Showing posts with label origin of life. Show all posts
Showing posts with label origin of life. Show all posts

Friday, April 3, 2009

Darwin's little tree

by Martín Bonfil Olivera
Published in
Milenio Diario, April 1, 2009

In 1837, returning from his five-year travel on board of theHMS Beagle, and starting the two decades he would spend thinking about the "transmutation of species", Charles Darwin wrote in his notebook the phrase "I think", and then he drew a little branched outline: the first evolutionary tree.

In 1859 he published The origin of species, and the only illustration he included was a more elaborate tree. Since then, the tree is evolution's dominant metaphor: a ramified process in which new species appear from pre-existent ones.

But attacking Darwin is a hobby few can resist, from fanatics that try to banish it to restless biologists that pretend to jump into fame by proving that some of his ideas are wrong.

And of course, there are a lot of aspects in which Darwin was wrong (his theory of heredity, for example, was way out of line). With time, the Darwinian theory of evolution by natural selection has been corrected, completed and fine tuned.
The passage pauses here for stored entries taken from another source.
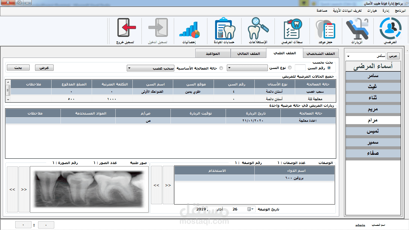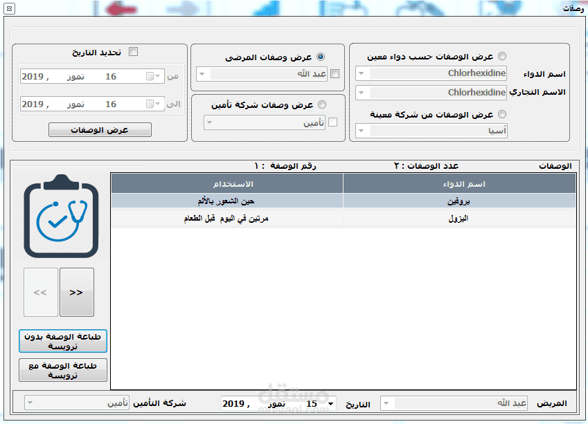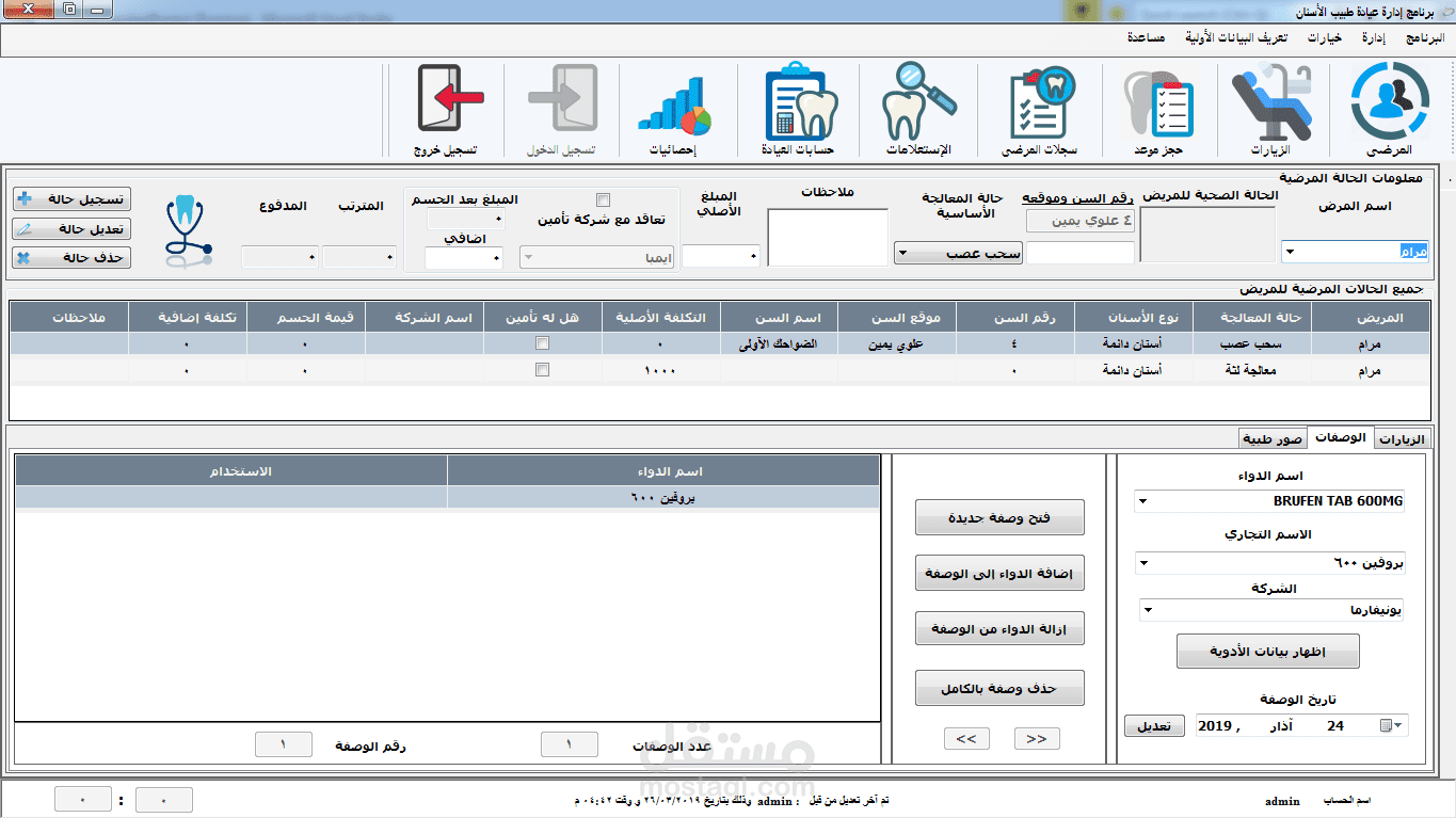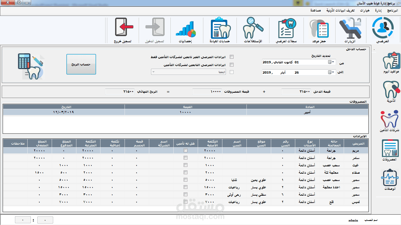 3- تنظيم وإدارة جميع وصفات المرضى وتقديم كافة الاستعلامات والاحصائيات المرتبطة بهم ( كمعرفة وصفات المرضى التابعين لشركة تأمين ما أو معرفة جميع وصفات شركة أدوية معينة وغيرها الكثير ) 4- إدارة وتنظيم جميع الأمور المالية والحسابات المرتبطة بالعيادة و تقديم كافة - الاستعلامات والاحصائيات المطلوبة لها ( كمعرفة الإيرادات الشهرية أو اليومية أو معرفة إيرادات المرضى بحسب مريض ما أو شركة تأمين ما بتاريخ محدد )
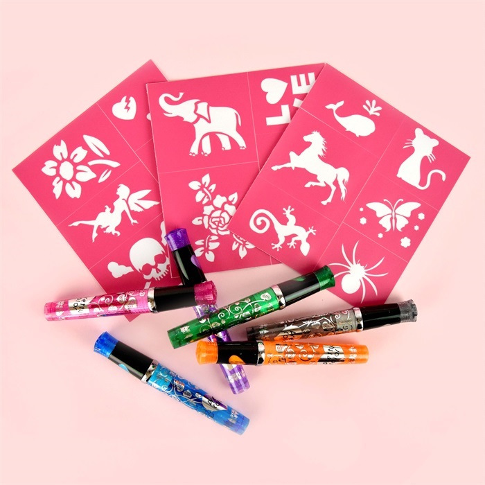 Με το Στυλό για Tattoo Deluxe θα δημιουργήσεις μοναδικά σχέδια στα χέρια, τα πόδια ή όπου αλλού έχεις σκεφτεί. Με την βοήθεια των έτοιμων σχεδίων που θα βρεις μέσα, θα κάνεις λαμπερές εμφανίσεις γρήγορα και εύκολα. Μπορείς να ζωγραφίσεις ελεύθερα δικά σου σχέδια και τους εντυπωσιάσεις όλους.
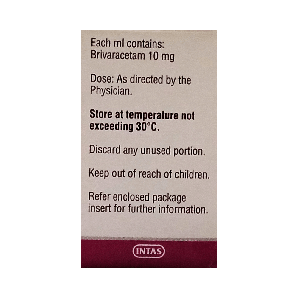 Brivazen Injection is a medicine used to treat seizures in people with epilepsy. It helps to control the number and severity of seizures. It works by affecting certain chemicals in the brain that are involved in the spread of seizure activity. It helps stabilize brain activity and prevent seizures. Brivazen Injection is generally administered by a doctor or a nurse in a hospital or clinic setting. It is important to follow your doctor’s instructions carefully for the best results. Make sure to attend all scheduled appointments for your injections. To get the maximum benefits, continue to use the medication as prescribed and do not skip doses. Even if you feel better, it's important to complete your treatment plan.Common side effects of Brivazen Injection include dizziness, tiredness, sleepiness, nausea, vomiting, and headaches. If you experience these, let your doctor know as they can offer advice on how to manage them. To reduce side effects, avoid sudden movements or standing up quickly, as this can help prevent dizziness. If you experience severe side effects or any unusual symptoms, contact your doctor immediately.While on treatment with Brivazen Injection, avoid drinking alcohol, as it can increase the risk of side effects like drowsiness or dizziness. Be cautious when driving or operating machinery until you know how the medication affects you. If you have a history of depression or mood changes, inform your doctor, as the medication may affect your mood.Always discuss any other medications you are taking with your doctor to avoid potential interactions. If you have any serious medical conditions, make sure to let your doctor know before starting treatment with Brivazen Injection. Pregnant and breastfeeding women should consult their doctor before starting Brivazen Injection to make sure it is safe for them.
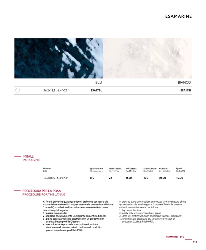 “craquelè”, la collezione Esamarine deve essere trattata come
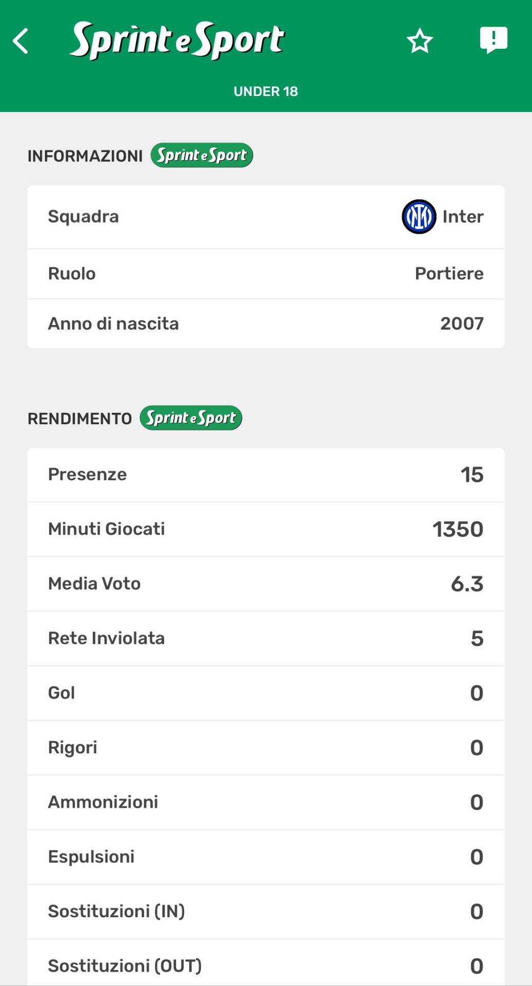 L'ultima stagione di Michielan con l'Inter. Per tutte le statistiche sulle giovanili dei campionati Nazionali, clicca sull'immagine e scarica gratuitamente l'app di Sprint e Sport!
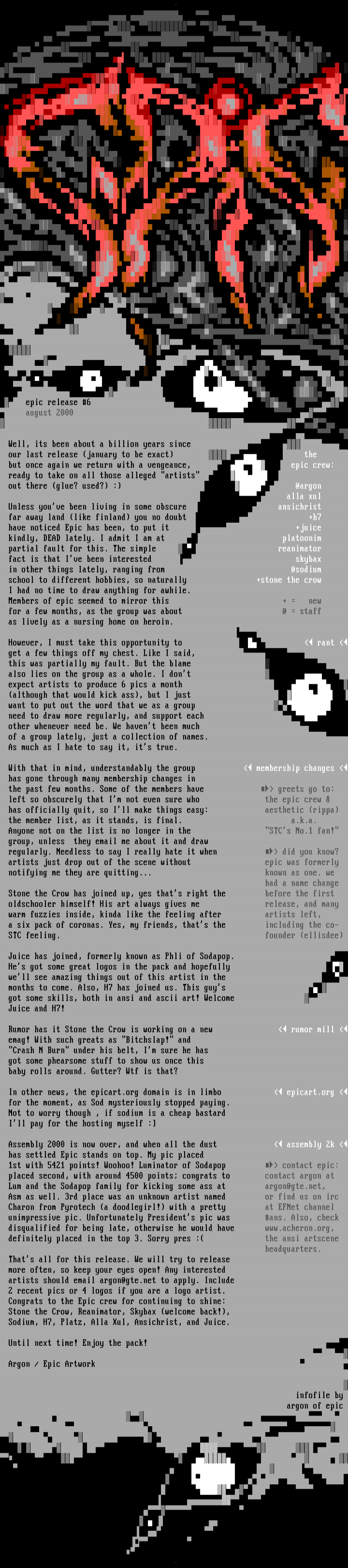 well see amazing things out of this artist in the months to come. Also, H7 has joined us. This guys got some skills, both in ansi and ascii art! Welcome Juice and H7! Rumor has it Stone the Crow is working on a new rumor mill emag! With such greats as Bitchslap! and Crash N Burn under his belt, Im sure he has got some phearsome stuff to show us once this baby rolls around. Gutter? Wtf is that? In other news, the epicart.org domain is in limbo epicart.org for the moment, as Sod mysteriously stopped paying. Not to worry though , if sodium is a cheap bastard Ill pay for the hosting myself : Assembly 2000 is now over, and when all the dust assembly 2k has settled Epic stands on top. My pic placed 1st with 5421 points! Woohoo! Luminator of Sodapop contact epic: placed second, with around 4500 points congrats to contact argon at Lum and the Sodapop family for kicking some ass at argon@gte.net, Asm as well. 3rd place was an unknown artist named or find us on irc Charon from Pyrotech a doodlegirl! with a pretty at EFNet channel unimpressive pic. Unfortunately Presidents pic was ans. Also, check disqualified for being late, otherwise he would have www.acheron.org, definitely placed in the top 3. Sorry pres : the ansi artscene headquarters. Thats all for this release. We will try to release more often, so keep your eyes open! Any interested artists should email argon@gte.net to apply. Include 2 recent pics or 4 logos if you are a logo artist. Congrats to the Epic crew for continuing to shine: Stone the Crow, Reanimator, Skybax welcome back!, Sodium, H7, Platz, Alla Xul, Ansichrist, and Juice. Until next time! Enjoy the pack!
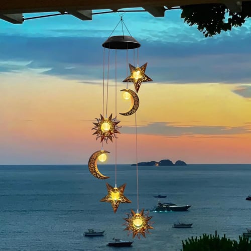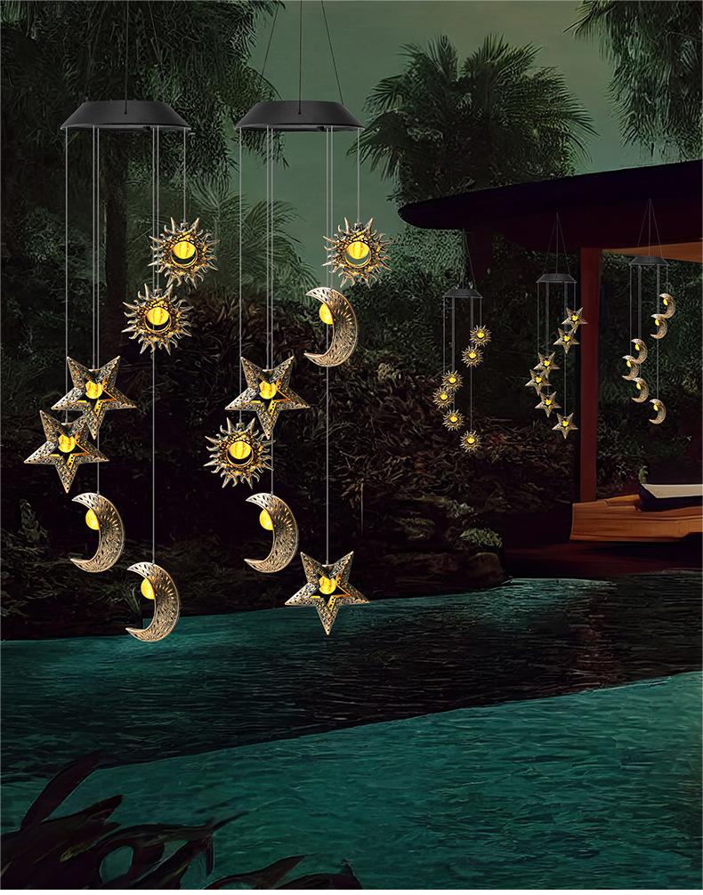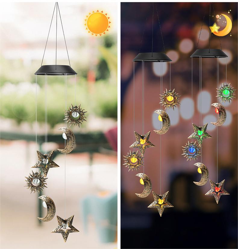 It just feel like that you own an whole night sky in the home when you hook the glowing sun star moon wind chimes up at night. You can never imagine how cozy the time will be when you are sitting and chatting with your friends or families in the shine of the solar wind chimes light.
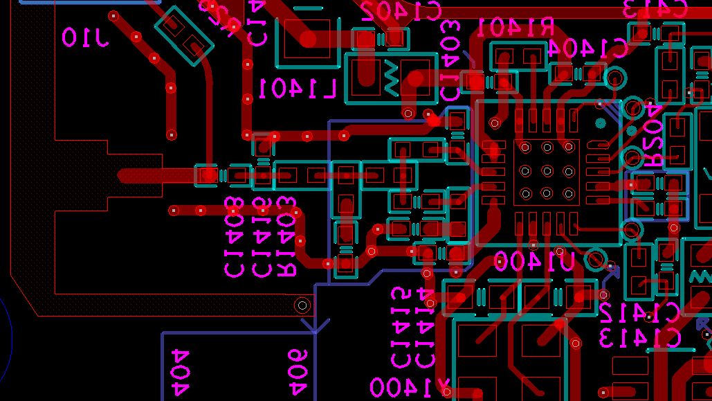 -所有去耦电容都应具有尽可能短的到芯片接地的返回路径。 底层上的电源布线为某些节点创建了一条非常长的返回路径。
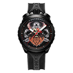 Стильные часы придутся по вкусу уверенным личностям готовым с легкость заявить о себе и ярко продемонстрировать неординарность характера. Bolt-68 Heritage Viking. Часы-трансформер с хронографом и секундомером. Секундомер с точностью 1/10с. Массивные заводная головка и кнопки управления хронографом находятся в верхней части корпуса. Циферблат декорирован изображением викинга (свирепый и отважный мужчина пришедший из Скандинавии) и эмблемами и значками из скандинавской мифологии. Циферблаты хронографа выполнены в виде важнейших символов викингов Иггдрасиль (древо жизни) и Вегвисир (северный компас). Борода викинга украшена люминесцентным составом. Мечевидные стрелки с люминесцентным покрытием.
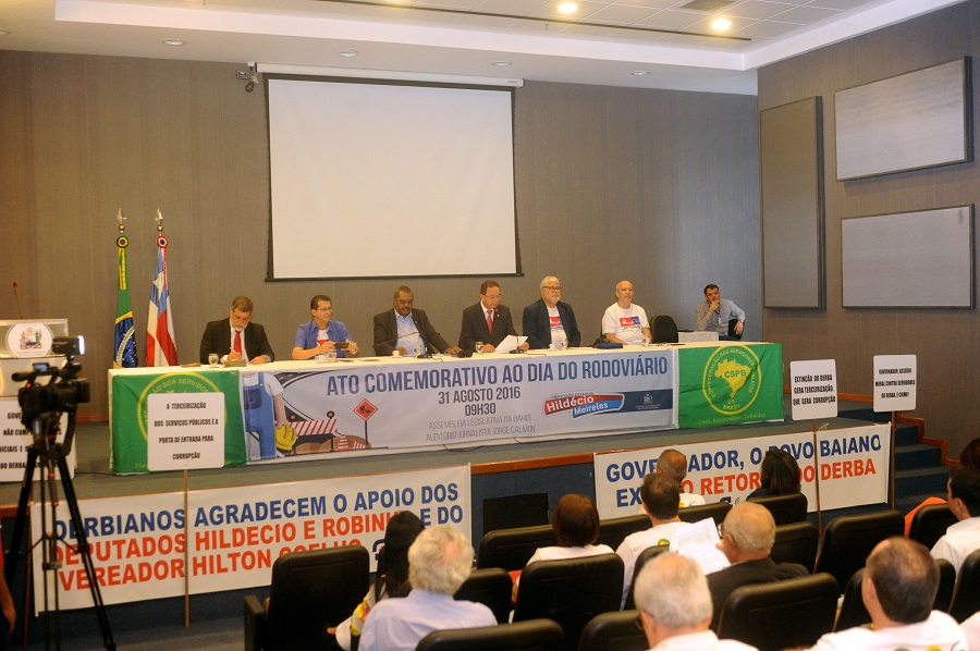 Na data em que é comemorado o Dia dos Rodoviários da Bahia, funcionários do extinto Departamento de Infraestrutura de Transportes da Bahia (Derba), participaram, no auditório do jornalista Jorge Calmon da Assembleia Legislativa, de audiência pública, presidida pelo deputado estadual Hildécio Meireles (PMDB). “Espero que o governo do Estado reveja o posicionamento de extinção de órgão tão importante para o desenvolvimento econômico da Bahia e que o mesmo seja restabelecido”, afirmou o deputado.

Still, it remains as the backbone of modern evolutionary thinking.

Recently, New Scientist magazine published an article that caused an upstir, because it declared that the discovery of "horizontal gene transfer" (not from parents to descendants, but like that which occurs when two bacteria exchange antibiotic resistance genes, or when a virus injects genes from another species into us, as has happened lots of times in human evolution) is the downfall of the image of evolution as a tree.

But gene evolution is not the same as species evolution. Of course, evolution is not as simple as Darwin thought, and in some aspects it looks more like a confusing web than a tidy tree. There are branches that are weirdly connected one with another (like when some bacteria entered old cells to become our mitochondria and chloroplasts). Maybe the tree has more than one root (there is evidence for several "origins of life" that later became connected).

Maybe the tree metaphor will change, or will be substituted by a web. But from that to proclaiming "the end of Darwin" or biology's next great revolution, there's a long way to go.

(translated by Adrián Robles Benavides)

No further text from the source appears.